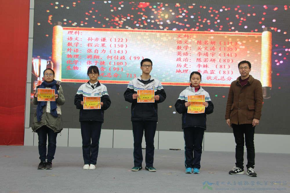 过去的一学期,高二年级在韩顶清校长的直接领导下,扎实稳进,终以理科摘得状元,前十占五,前五十占二十,文科前十占二,前五十占八的辉煌战绩荣耀在丁酉岁末。为了鼓舞先进,学部隆重表彰了本学期在生活、学习等方面纷纷取得傲人成绩的同学,主要涉及“特长之星”、“优秀班干部”、“优秀学习小组”、“进步之星”、“状元之星”等等,让在场师生及家长共同见证了他们的荣誉。
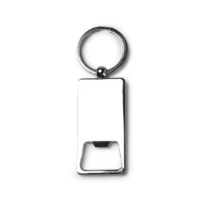 Llavero con función abridor de bambú y metal cromado.
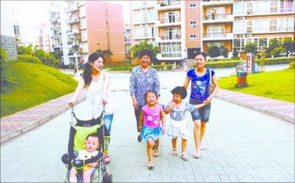 图6:居民们在干净整洁、草木葱茏的小区里散步。萍乡市全力创建国家园林城市,加强城市园林和住宅小区绿化建设,提高绿化品质和绿化率。至今年6月,萍乡人均公园绿地9.03平方米,绿化率达35.6%,绿化覆盖率达40.3%。
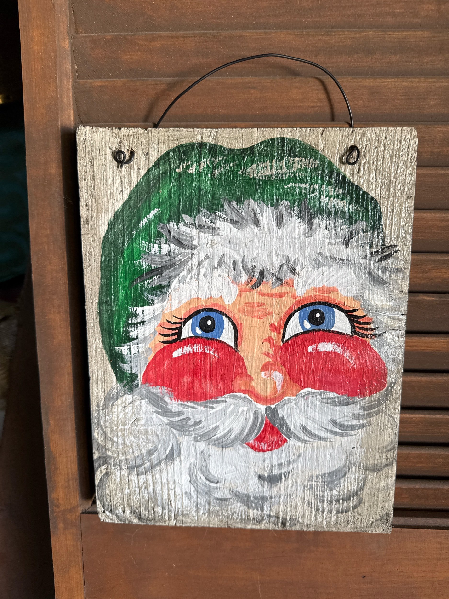 This sign is painted on a reclaimed board that measures 7 1/2 inches wide by 9 1/4 inches tall and 1/2 inch thick. It is sprayed with a protective clearcoat and has a wire for hanging.
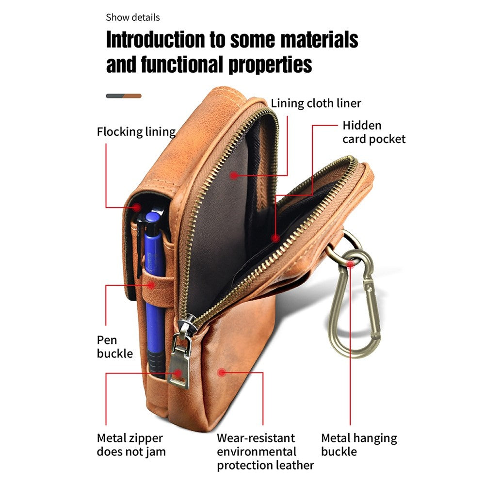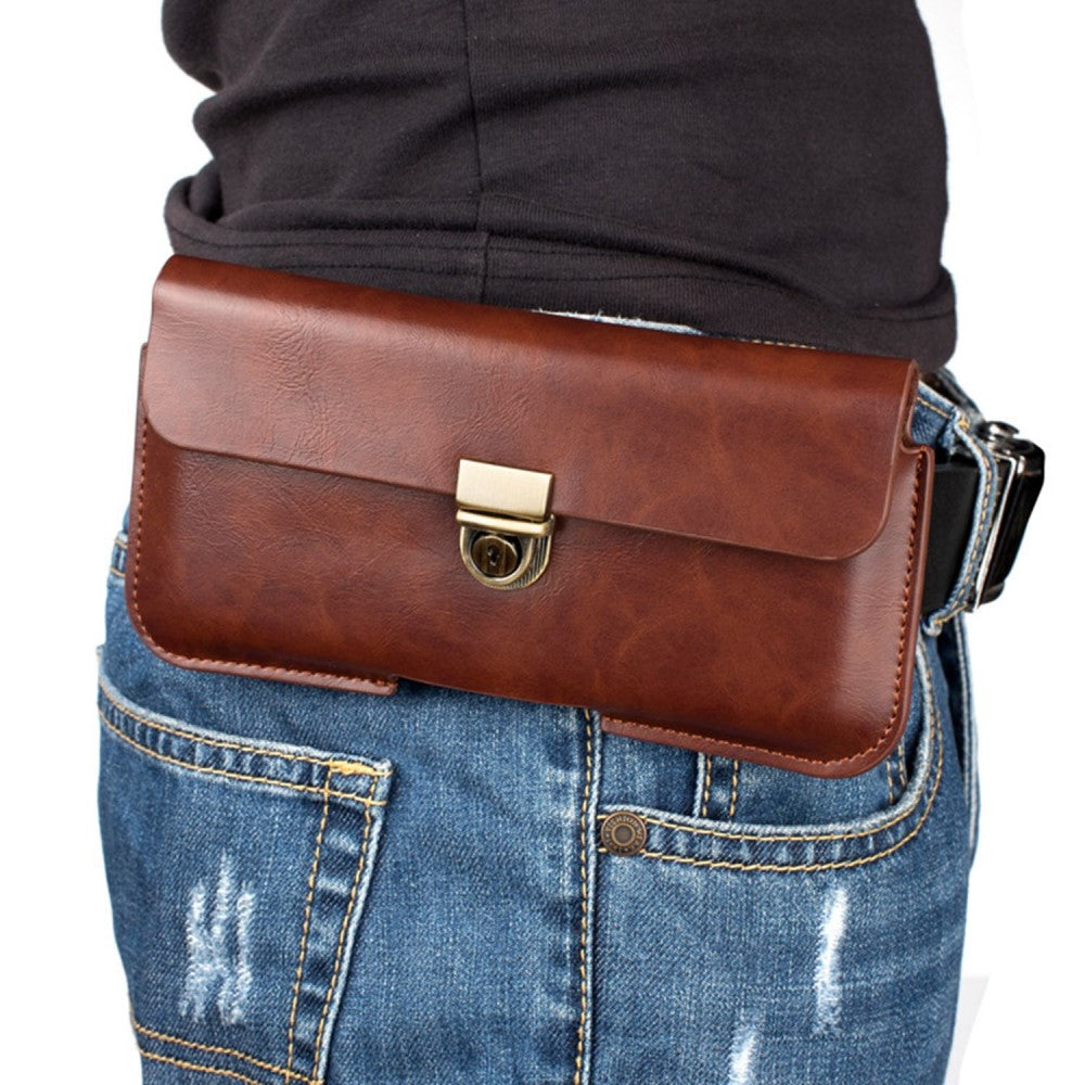 Sac de taille universel en cuir avec fente pour cartes - Marron Taille : L
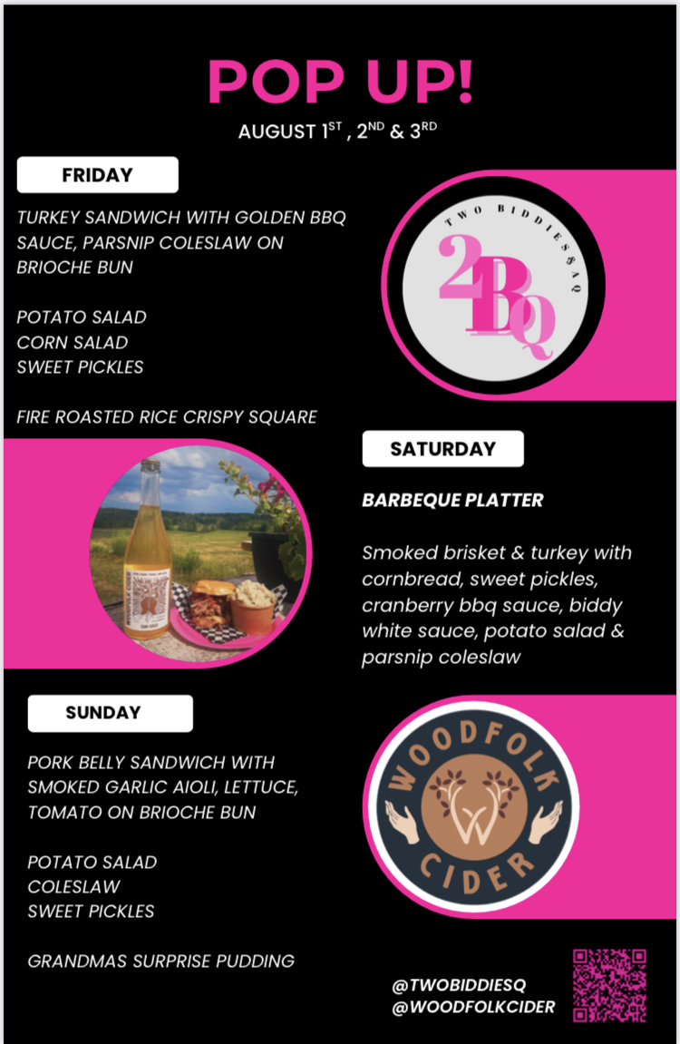 Woodfolk cider is hosting Two Biddies and a Q all long weekend!

........

▸ What this task involves:
Reproduce every line above exactly as written, omitting the images.

▸ Output of the exercise:
 过去的一学期,高二年级在韩顶清校长的直接领导下,扎实稳进,终以理科摘得状元,前十占五,前五十占二十,文科前十占二,前五十占八的辉煌战绩荣耀在丁酉岁末。为了鼓舞先进,学部隆重表彰了本学期在生活、学习等方面纷纷取得傲人成绩的同学,主要涉及“特长之星”、“优秀班干部”、“优秀学习小组”、“进步之星”、“状元之星”等等,让在场师生及家长共同见证了他们的荣誉。
 Llavero con función abridor de bambú y metal cromado.
 图6:居民们在干净整洁、草木葱茏的小区里散步。萍乡市全力创建国家园林城市,加强城市园林和住宅小区绿化建设,提高绿化品质和绿化率。至今年6月,萍乡人均公园绿地9.03平方米,绿化率达35.6%,绿化覆盖率达40.3%。
 This sign is painted on a reclaimed board that measures 7 1/2 inches wide by 9 1/4 inches tall and 1/2 inch thick. It is sprayed with a protective clearcoat and has a wire for hanging.
 Sac de taille universel en cuir avec fente pour cartes - Marron Taille : L
 Woodfolk cider is hosting Two Biddies and a Q all long weekend!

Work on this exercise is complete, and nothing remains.